Op-Med is a collection of original articles contributed by Doximity members.

Dr. Amanda Williams is a 2020–2021 Doximity Research Review Fellow. Nothing in this article is intended nor implied to constitute professional medical advice or endorsement. The views expressed in this article are those of the author and do not necessarily reflect the views/position of Doximity. 

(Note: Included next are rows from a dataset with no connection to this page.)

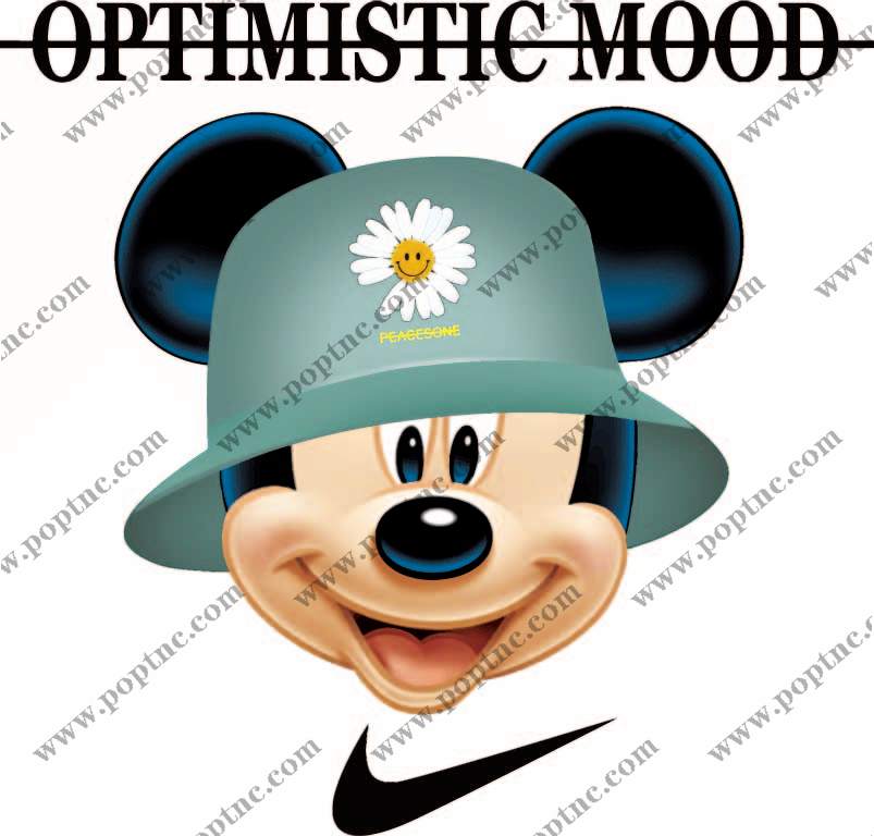 POP花型网 » 小邹菊米奇头像耐克字母印花矢量图服装裁片T恤烫图印花花型素材
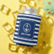 Your Boat Name Sea Anchor Blue Can Cooler - Blue and White Stripes
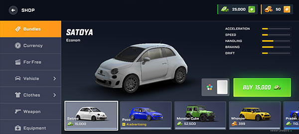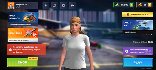 隨后正式進入游戲界面,界面左上角顯示著昵稱信息,右上角則呈現當前持有的資金數額,點擊左下角的SHOP按鈕即可進入商店。

A recent study by Smith et al. showed that women with Down syndrome may be receiving gynecologic care at substantially lower rates than other forms of health care, despite recommendations from the American College of Obstetricians and Gynecologists, the American Academy of Pediatrics, and the National Down Syndrome Society. As women make up about 40% of people with Down syndrome, this represents an area for major improvement. Women with Down syndrome need a gynecologist for many of the same reasons as other women, especially given that gynecologic care includes important cancer screenings. Although 89% of the women in the Smith study had received recommended non-gynecologic preventive care, only 26% of the women over age 21 had ever had a Pap test, and only half of the women over 40 had ever had a mammogram. It’s important for providers to remember that women’s health care is health care — and that reality applies equally to patients with Down syndrome. 

The delivery of routine gynecologic care in this population is subpar. Gynecologists and other professionals taking care of individuals with Down syndrome must strive to make care more accessible and less intimidating. The medical community needs to correct misconceptions about the gynecologic needs of patients with Down syndrome, and help educate patients and their families regarding the purpose and importance of gynecologic care. For guidance, we can look to our colleagues in transition medicine, who regularly care for young adults with pediatric-onset special health care needs as they move into the world of adult medicine. With our recognition and commitment, these potentially difficult transitions can be much improved.

Dr. Williams completed her undergraduate training at the University of Notre Dame in 2013 after majoring in physics. She then went on to medical school in Chicago and is now in her final year of ob/gyn residency in Houston, Texas.